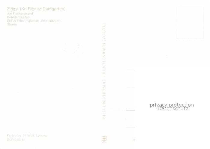 72781919 Zingst Ostseebad Fischerstrand Rohrdachkaten FDGB Erholungsheim Strand postalisch nicht gelaufen Erhaltung siehe scans [FriedD77] KatCode: 11110013057096
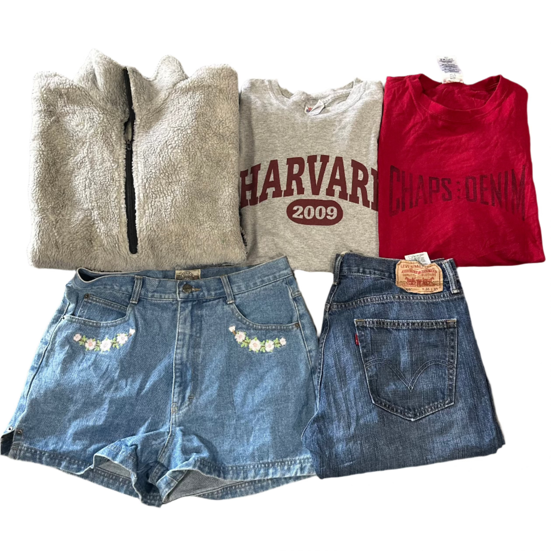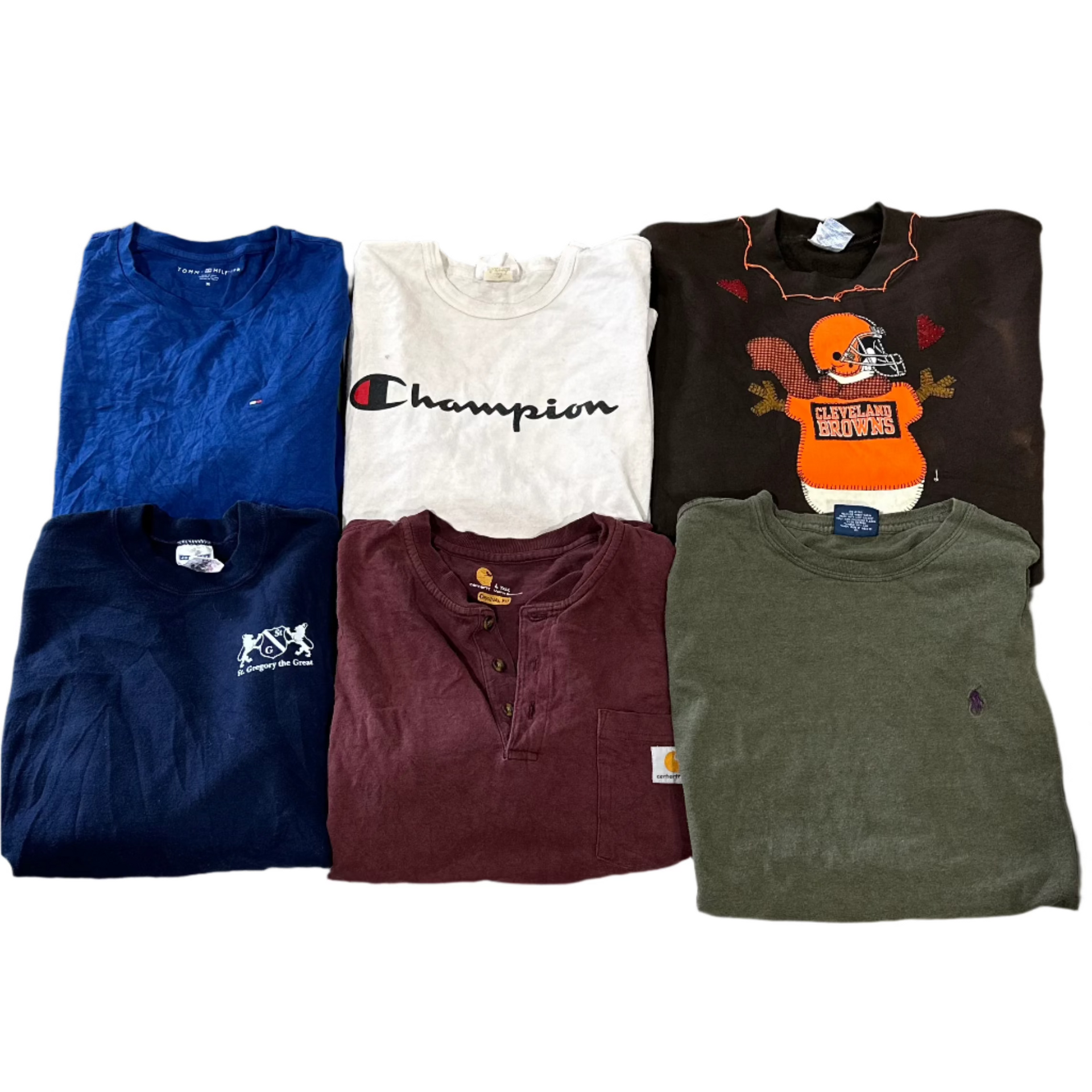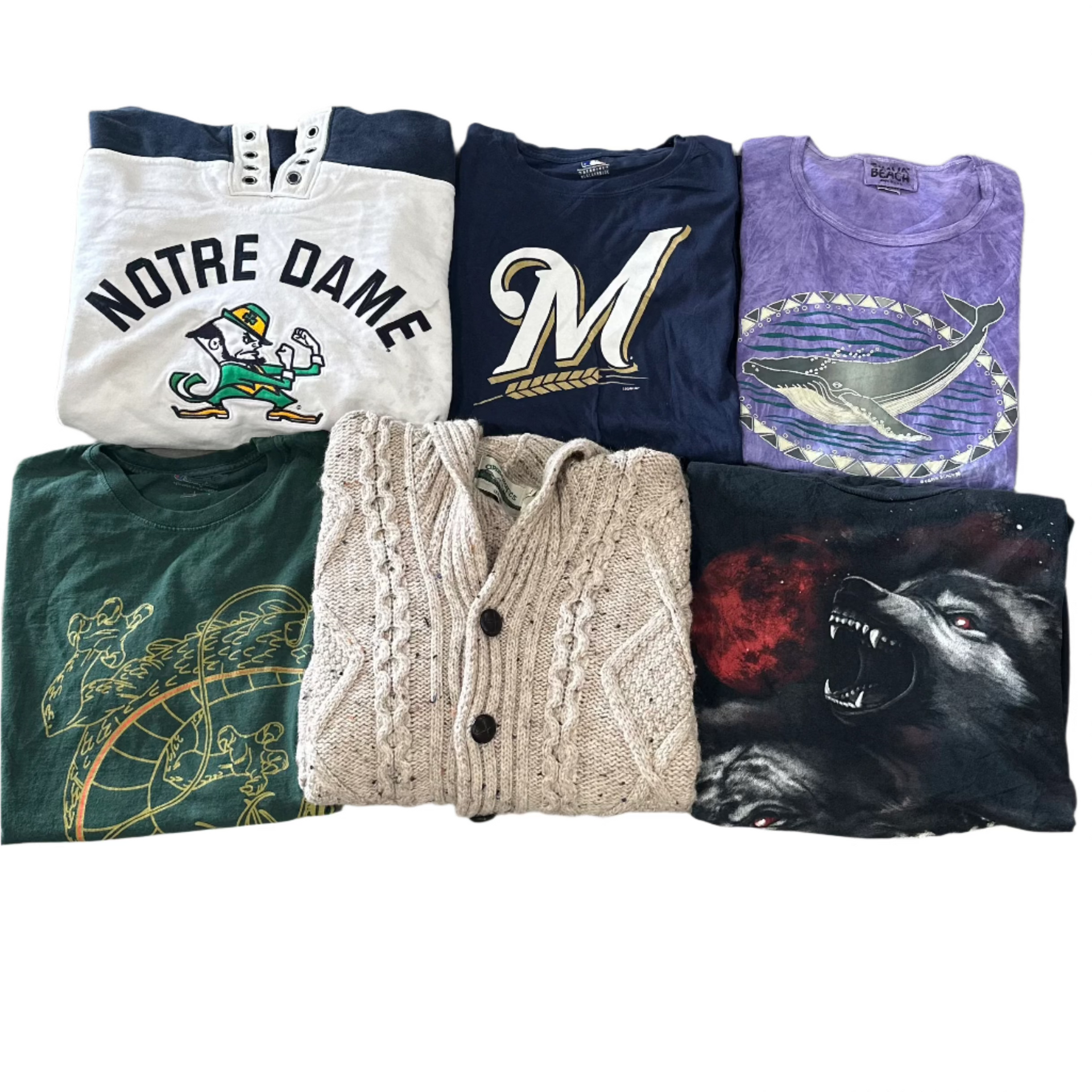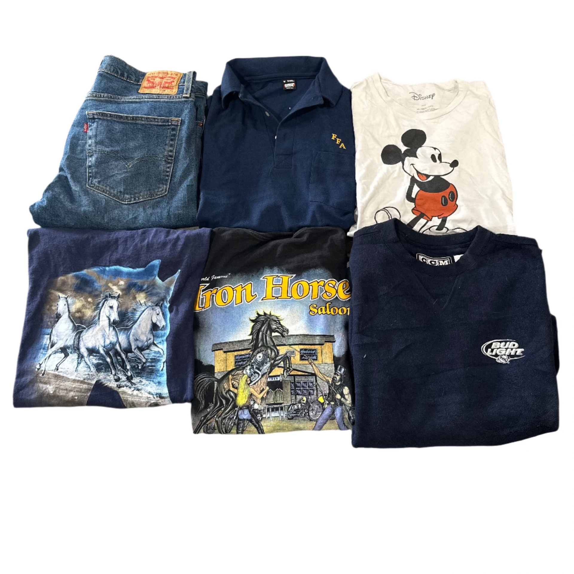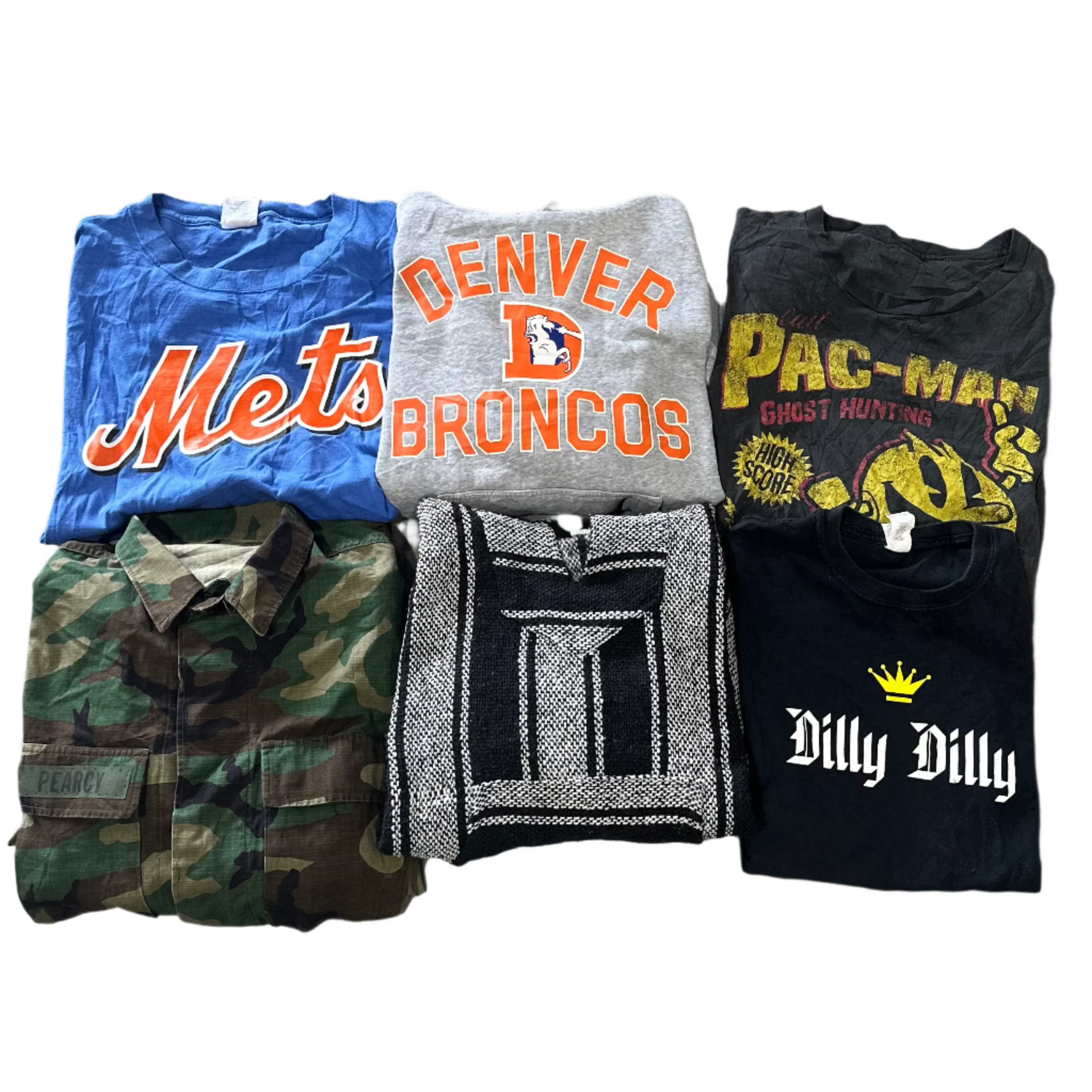 Expect to find trending items such as: Pro Sports, College, Branded, Cartoon, Vintage Graphic, Levi's, and more! This mix includes NFL, NHL, MLB, and NBA sports team tees, American college t-shirts, and university t-shirts in various brands and styles. Then there are the big mainstream fashion brands that have been crafting our style trends for generations, including Polo, Tommy Hilfiger, North Face, Nautica, and more.
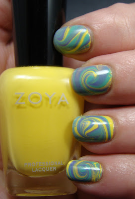 I had some trouble with this because in my mind it was necessary to have a yellow in my design, and my only yellow creme polish is Zoya Pippa, which just did not cooperate too well with the water. It didn't want to spread properly, and made this all very difficult! I will have to add another yellow to my collection to use with my water marbles in the future.
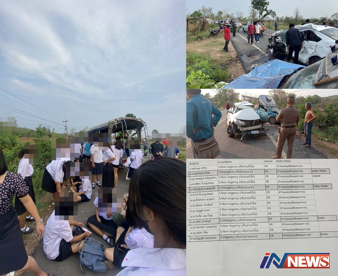 หนองบัวลำภู-รถเก๋งแหกโค้งชนประสานงานรถสองแถวรับส่งนักเรียนบาดเจ็บ 14 คน สาหัส 4 ราย
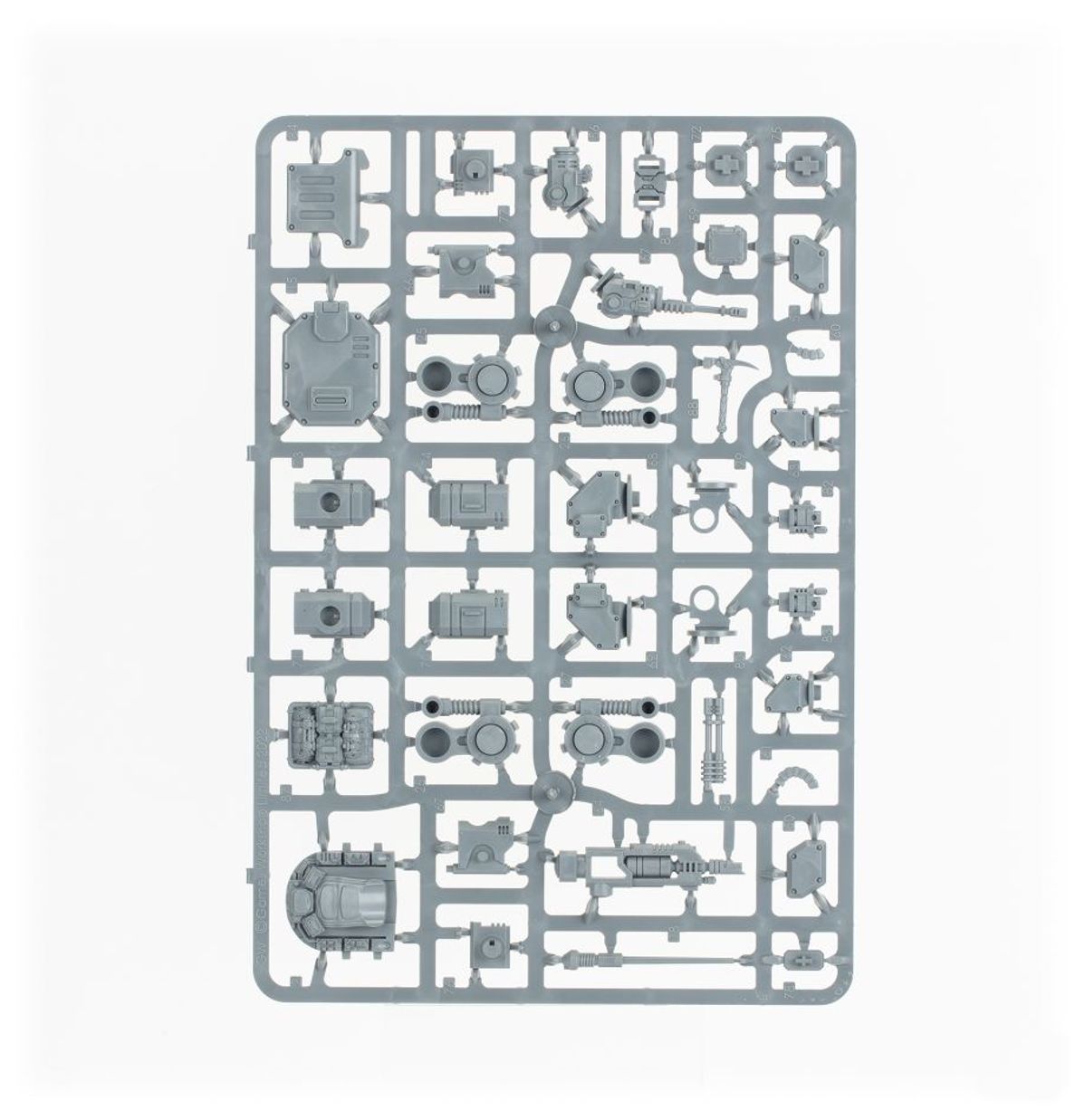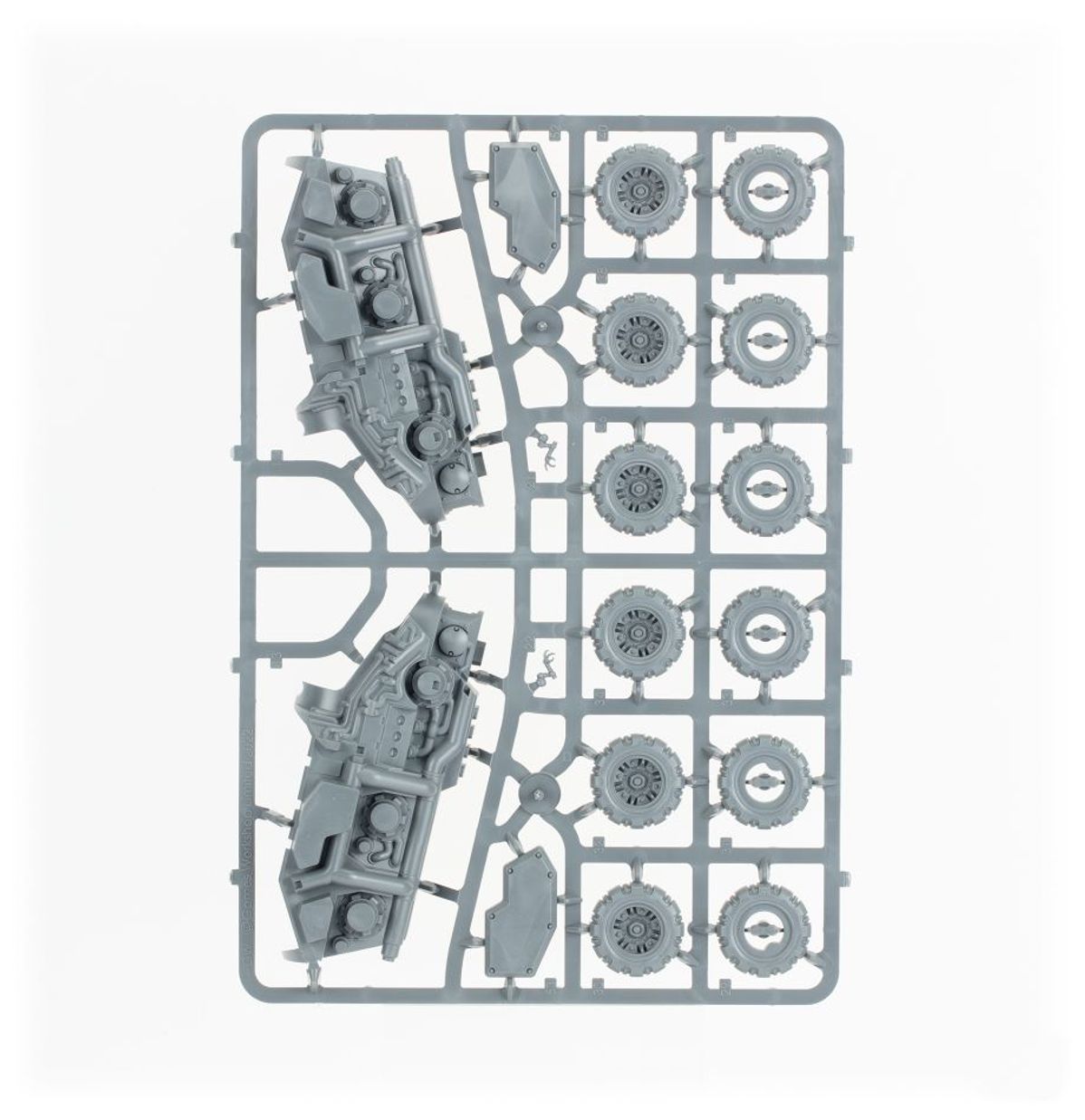 This box builds one Sagitaur, a fast-moving vehicle that combines firepower with the ability to carry a unit into battle. This sturdy six-wheeled vehicle boasts a hull-mounted twin bolt cannon, a rear transport hatch, and comes with a choice of four turret weapons operated by a robotic gunner – a HYLas beam cannon, L7 missile launcher, Sagitaur missile launcher, or MATR autocannon – providing the versatility to take on any threat. The Sagitaur's pilot is visible beneath a screen of clear plastic, with a choice of three different heads to customise your driver and keep each of your vehicles distinct.
^^^^^^^^^^^^^^^^
Using the data above, return the lines from the one holding "I had some trouble" through the one holding "สาหัส 4 ราย" exactly, but not the pictures.

 I had some trouble with this because in my mind it was necessary to have a yellow in my design, and my only yellow creme polish is Zoya Pippa, which just did not cooperate too well with the water. It didn't want to spread properly, and made this all very difficult! I will have to add another yellow to my collection to use with my water marbles in the future.
 หนองบัวลำภู-รถเก๋งแหกโค้งชนประสานงานรถสองแถวรับส่งนักเรียนบาดเจ็บ 14 คน สาหัส 4 ราย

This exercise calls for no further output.